The entries below contain pictures, which are to be left out; write out exactly, and only, the lines from the line with "Death Registration: Year: 1926" up to and including the line with "二氧化硫、二氧化氮、可吸入颗".

**** DATA SUPPLIED ****

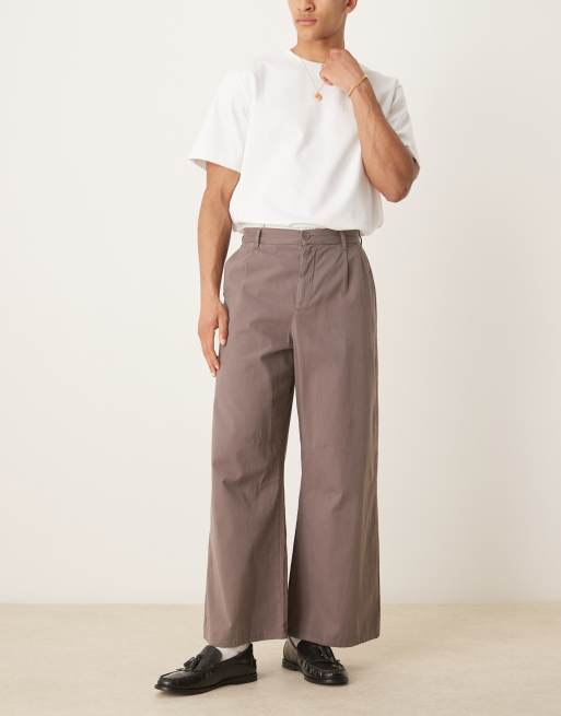 ASOS DESIGN horseshoe dress pants with front pleats in brown
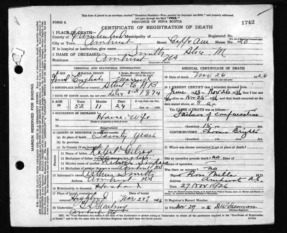 Death Registration: Year: 1926 file: 107 number: 1742
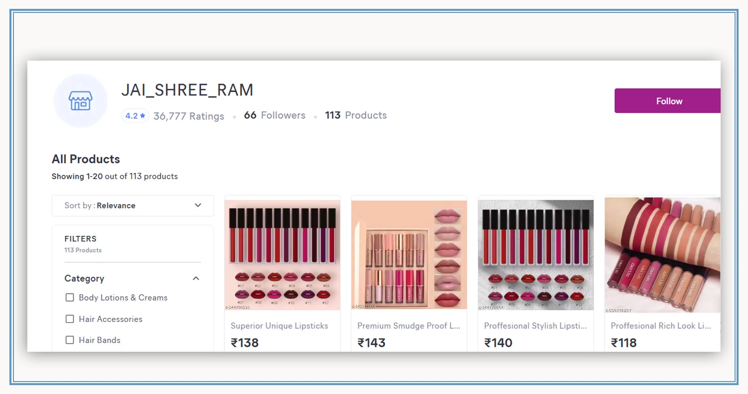 Meesho’s marketplace structure presents a distinct seller environment shaped by reseller networks, price sensitivity, and rapid product turnover. Scraped datasets indicate that sellers with focused assortments and faster fulfillment cycles outperform larger catalogs with inconsistent performance. Sellers maintaining limited but optimized SKU sets often achieve higher order velocity and better reseller engagement.
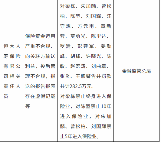 恒大人寿多位责任人因“保险资金运用严重不合规、向关联方输送利益,投后管理不合规,报送的报告报表存在虚假记载等”问题被处罚,20名相关人员合计被罚款282.5万元。
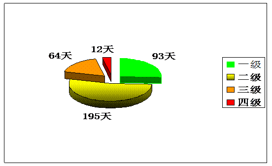 二氧化硫、二氧化氮、可吸入颗粒物、细颗粒物、一氧化碳浓度日平均值和臭氧小时均值到达二级标准天数分别为100%、91.8%、98.1%、86.0%、100%和92.65%。
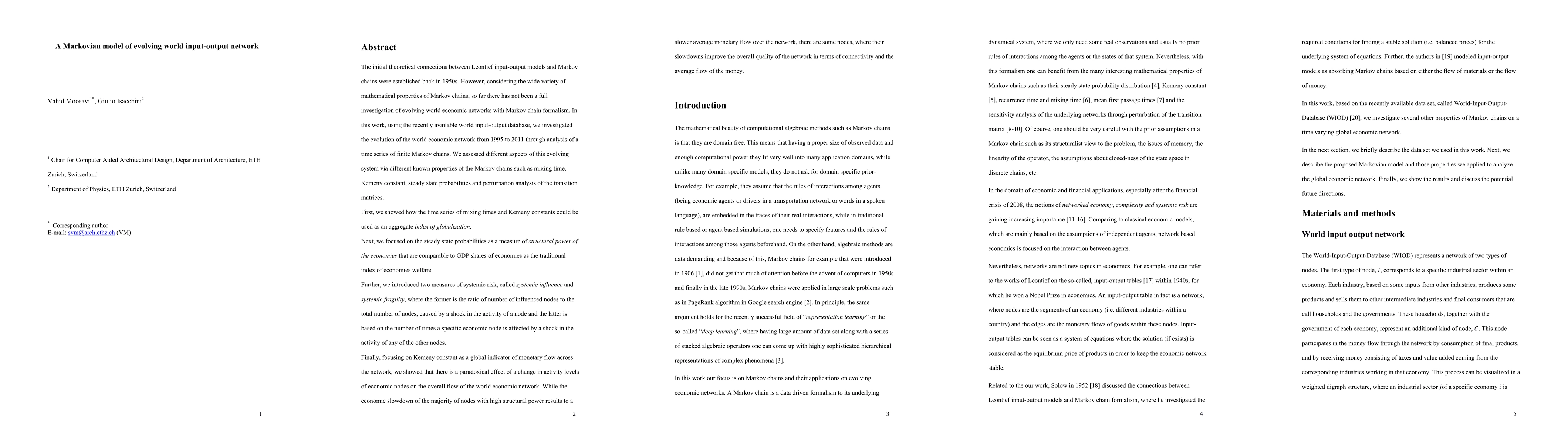 The initial theoretical connections between Leontief input-output models and Markov chains were established back in 1950s. However, considering the wide variety of mathematical properties of Markov chains, there has not been a full investigation of evolving world economic networks with Markov chain formalism. Using the recently available world input-output database, we modeled the evolution of the world economic network from 1995 to 2011 through analysis of a series of finite Markov chains. We assessed different aspects of this evolving system via different properties of the Markov chains such as mixing time, Kemeny constant, steady state probabilities and perturbation analysis of the transition matrices. First, we showed how the time series of mixing times and Kemeny constants could be used as an aggregate index of globalization. Next, we focused on the steady state probabilities as a measure of structural power of the economies that are comparable to GDP shares of economies as the traditional index of economies. Further, we introduced two measures of systemic risk, called systemic influence and systemic fragility, where the former is the ratio of number of influenced nodes to the total number of nodes, caused by a shock in the activity of a node and the latter is based on the number of times a specific economic node is affected by a shock in the activity of any of the other nodes. Finally, focusing on Kemeny constant as a global indicator of monetary flow across the network, we showed that there is a paradoxical effect of a change in activity levels of economic nodes on the overall flow of the network. While the economic slowdown of the majority of nodes with high structural power results to a slower average monetary flow over the network, there are some nodes, where their slowdowns improve the overall quality of the network in terms of connectivity and the average monetary flow.
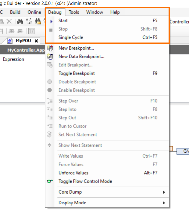 To change the PLC to run mode, we will select the ‘Debug’ menu and select ‘Start’.
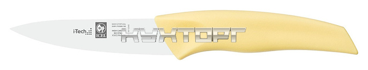 Нож для овощей ICEL I-Tech Paring knife 24301.IT03000.100 оснащен эргономичной ручкой желтого цвета из полипропилена, устойчивого к высоким температурам и внешнему воздействию, и заточенным вручную лезвием, выполненным из высококачественной нержавеющей стали X50CrMoV15 с добавлением хрома, молибдена и ванадия.Твердость стали, закаленной по специальной технологии, составляет более 56 HRC.
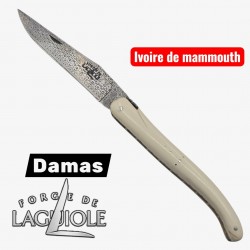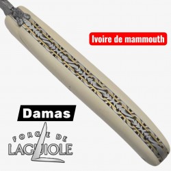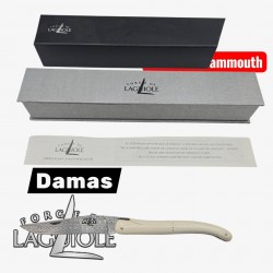 Le manche de 12 cm est façonné en ivoire de mammouth fossile. Poli avec soin, il présente une teinte ivoire naturelle, ponctuée de légères veines et nuances chaudes, qui rappellent la densité minérale d’une matière ayant traversé les millénaires. Chaque morceau d’ivoire étant unique, le rendu est strictement exclusif à ce couteau.
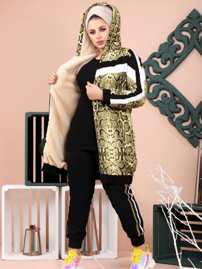 Style: Casual Pattern: Random Description: Two pieces set, elastic waist pants, zipper jacket with Random Print and waterproof fur lining, capuche, pockets Neck: None Sleeve: Long bracelet sleeves Waist: Elastic Fabric Elasticity: jacket: Not Stretchable / pants: Stretchable Fabric Texture: pants: Cotton Lycra fur lining/ jacket: waterproof fur lining
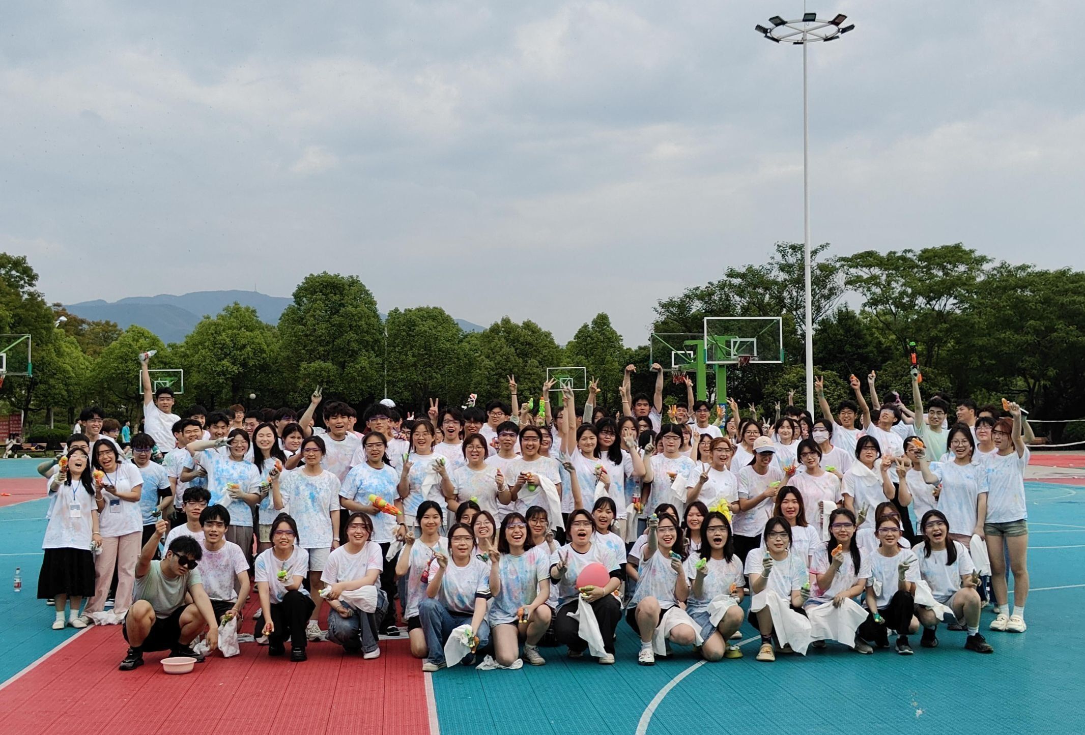 启动仪式后,开始了活动月系列活动中的品牌活动——彩虹大作战。同学们在广场上激情四射地放飞自我,宣泄压力,感受友爱,展现了青春活力。
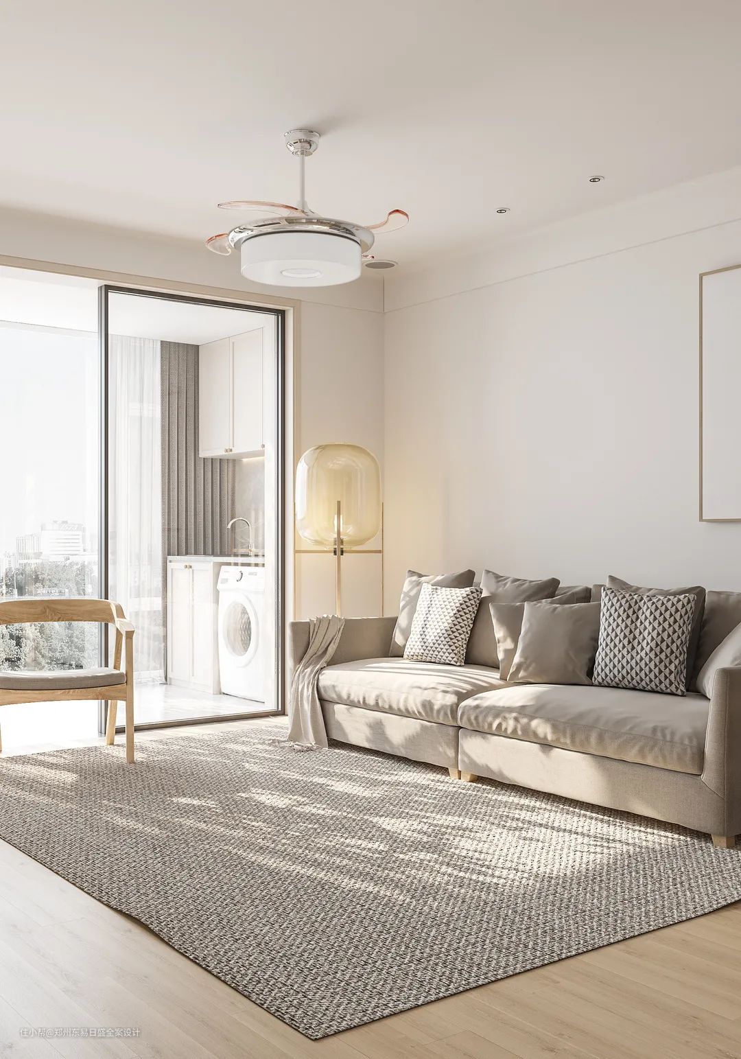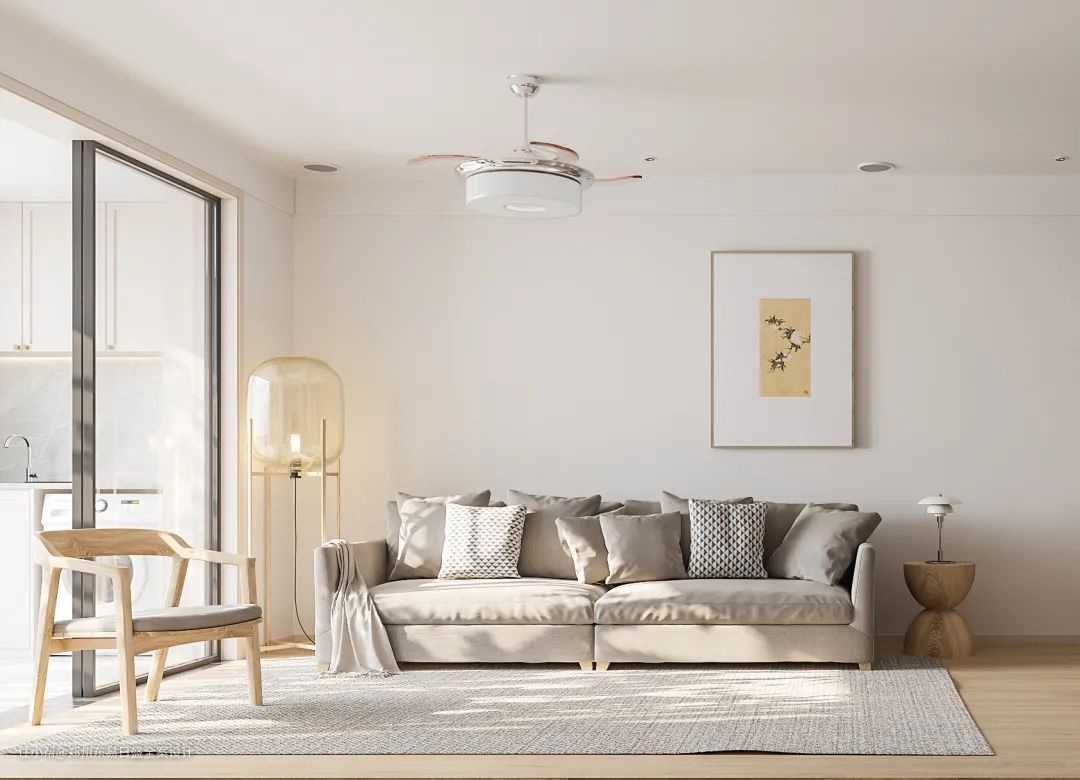 通透的光线营造柔和的视觉空间,配合米白色的墙面和温润的木地板,雅致清新的氛围感油然而生。亚麻材质的沙发、木质单人椅和简约落地灯的组合,简而不凡,舒适静谧。
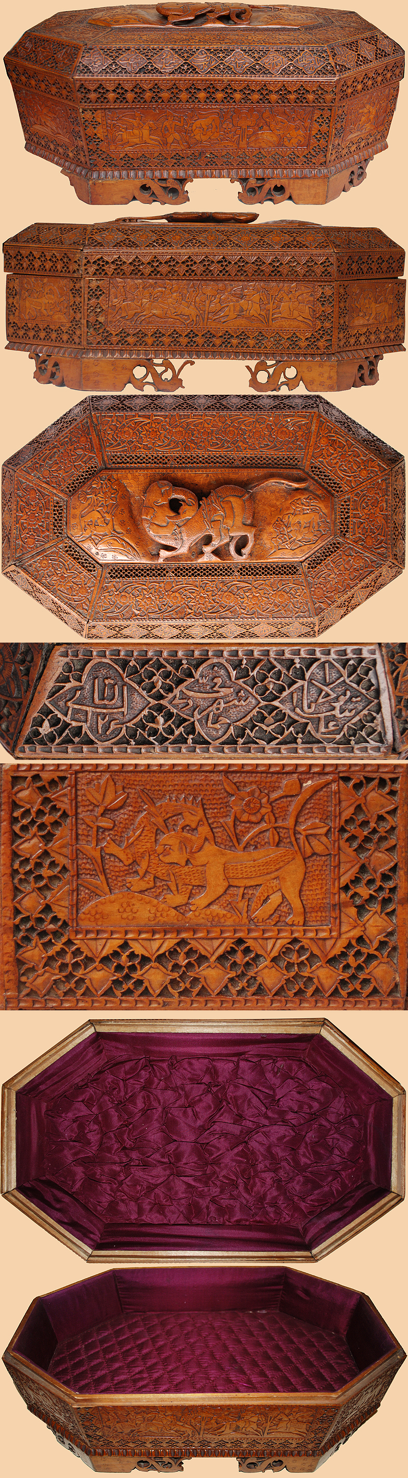Antique Persian Safavi Dynasty Jewelry Box Extremely Fine Carved Wood Box. Date Carved on the Box show 1126 in Islamic Calendar
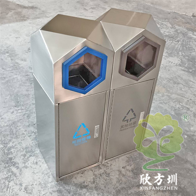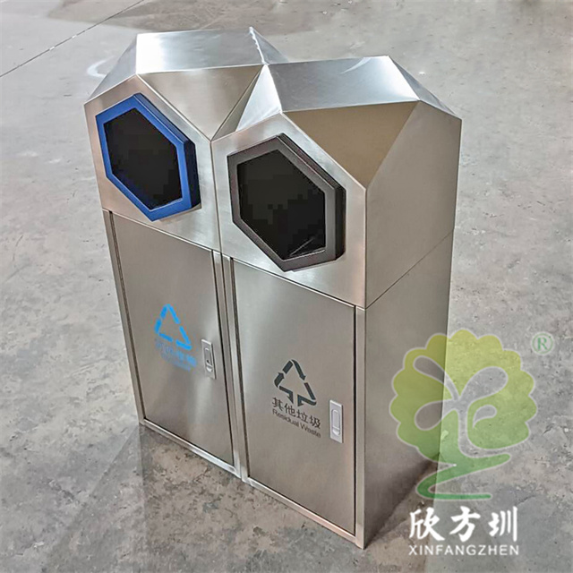 戶外公園組合式菱形不銹鋼分類垃圾桶產品詳情: |
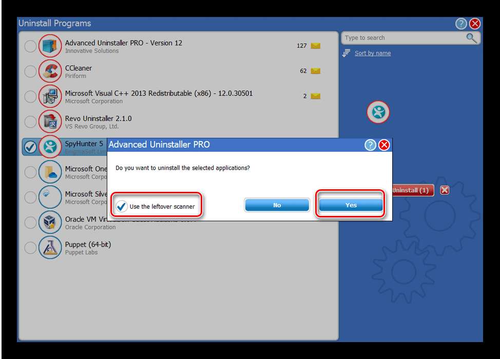 Uninstall SpyHunter 5/4 using Uninstaller software
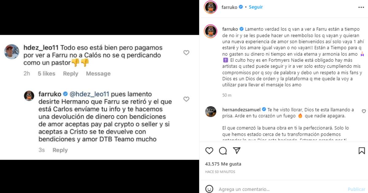 Carlos Efrén Reyes Rosado, nombre completo del exreguetonero, se percató de los ataques en las plataformas y compartió uno de los comentarios desde su cuenta de Instagram y resaltó que aquellos que ya no desearan ir a sus conciertos restantes tenían la oportunidad de pedir un reembolso, pues estaba decidido a no continuar con su música y proseguir por 'el camino de Dios'.

****

## ANSWER TO THE EXERCISE:
 Death Registration: Year: 1926 file: 107 number: 1742
 Meesho’s marketplace structure presents a distinct seller environment shaped by reseller networks, price sensitivity, and rapid product turnover. Scraped datasets indicate that sellers with focused assortments and faster fulfillment cycles outperform larger catalogs with inconsistent performance. Sellers maintaining limited but optimized SKU sets often achieve higher order velocity and better reseller engagement.
 恒大人寿多位责任人因“保险资金运用严重不合规、向关联方输送利益,投后管理不合规,报送的报告报表存在虚假记载等”问题被处罚,20名相关人员合计被罚款282.5万元。
 二氧化硫、二氧化氮、可吸入颗粒物、细颗粒物、一氧化碳浓度日平均值和臭氧小时均值到达二级标准天数分别为100%、91.8%、98.1%、86.0%、100%和92.65%。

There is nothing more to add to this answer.